Although the IDH expression changes analyzed in this study are likely to be associated with wild-type genes, we propose that an imbalance between the expressions of IDH1 and IDH2 could lead to the overproduction of D2HG, of which more will be explained in Discussion. Increasing the levels of the oncometabolite D2HG is potentially a common denominator of IDH1, IDH2 and HCDH4, with the decreased expression of the latter enzyme leading to reduced metabolism of D2HG. Therefore, D2HG provides an explanation for poorer survival of patients with imbalanced IDH1 and IDH2 as well as low HCDH4 expression. Previous studies have shown that HCDH is involved with the metabolization of D2HG in the glutaconyl pathway (http://www.genome.jp/kegg/) (Fig. 4). The direction of chemical reaction generally depends on the ΔG value instead of the activation energy. Given that the conversion from D2HG to α-KG is a relatively small exothermic reaction of 0.791 (kcal/mol) (calculated with MP2/6-31G level in Gaussian 09 package) (23), this suggests that D2HG is produced under physiological conditions, with IDH1 and IDH2 expression determining rate of production and D2HGDH and HCDH governing metabolization (Figs. 4C and 6A).

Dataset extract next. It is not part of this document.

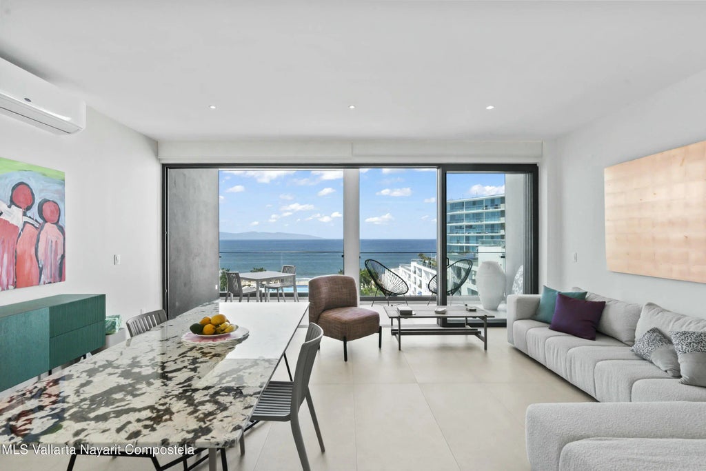 Beautiful beachfront condo located on the pristine beach of Nuevo Vallarta at Aria Ocean ( The new tower just delivered 2023). This unit is located on 9th floor and has 2 balconies. Front balcony with Amazing ocean view and back balcony with mountain views. The wide sandy beach and calm surf invites you to come take a dip in the warm water or simply lounge around one of the two large infinity pools or the smaller pool set right on the sand. This 2 bed, 2 bath condo with extra space could turn in to 3rd bedroom has also 1 deed parking.There are 2 balconies one with amazing ocean views and back balconies with lovely mountain views that you can admire . The beautiful grounds are filled with palm trees, plants, flowers and a large fountain make this a truly calming space.Beach front e

Figure 6 (A) At the state of equilibrium, the abundance of substance A and B depends not on the activation energy but the ΔG. (B) Schematic diagram of the relationship of IDH1, IDH2 and the other genes involved in the TCA cycle. Although, on a routine basis, α-KG and D2HG transfer to and from between mitochondria and cell cytoplasm keeping the same conditions, their conditions are changed by imbalanced IDH1/2 expression. High MYC expression makes improvements because of acceleration of TCA cycle. (C) Schematic diagram explaining how an imbalance between the expressions of IDH1 and IDH2 could lead to increased production of D2HG. (a) IDH1low;IDH2low: (1) transfer to and from caused by the same condition, (2) insensitive to transfer to and from caused by each low concentration, (3) insensitive to D2HG in low concentration of α-KG, (4) transfer to and from caused by the same condition; (b) IDH1high;IDH2low: (1) move to cell cytoplasm caused by high concentration in mitochondria, (2 and 3) transfer from α-KG to D2HG caused by high concentration of α-KG, (4) go and come keeping the same concentration; (c) IDH1low;IDH2high: (1) move to mitochondria caused by high concentration in the cell cytoplasm, (2) a disproportionate emphasis on D2HG caused by high concentration of α-KG and deacceleration of TCA cycle, (3) transfer to D2HG caused by high concentration of α-KG, (4) go and come transfer keeping the same concentration; (d) IDH1high;IDH2high: (1) transfer to and from caused by the same condition, (2) a disproportionate emphasis on α-KG caused by the consume α-KG of along with acceleration of TCA cycle, (3) insensitive to D2HG in low concentration of α-KG, (4) transfer to and from caused by the same condition.

MYC overexpression is not associated with decreased survival of colorectal cancer patients

Recently, overexpression of the MYC oncogene occurring in a sub-group of breast cancer patients was shown to be associated with higher levels of D2HG and decreased survival. D2HG production was demonstrated to be driven by MYC overexpression in vitro, demonstrating a novel mechanism of D2HG production given IDH1 or IDH2 mutations in breast cancers are rare (24). In this cohort of CRC patients, MYC expression was not associated with decreased DFS or OS. Interestingly, the Kaplan-Meier analysis showed that patients with high MYC expression have better DFS or OS, regardless of the expression status of FH, IDH2 and SDHB (Fig. 5), suggesting that the role of MYC in CRC is distinct from that in breast cancers.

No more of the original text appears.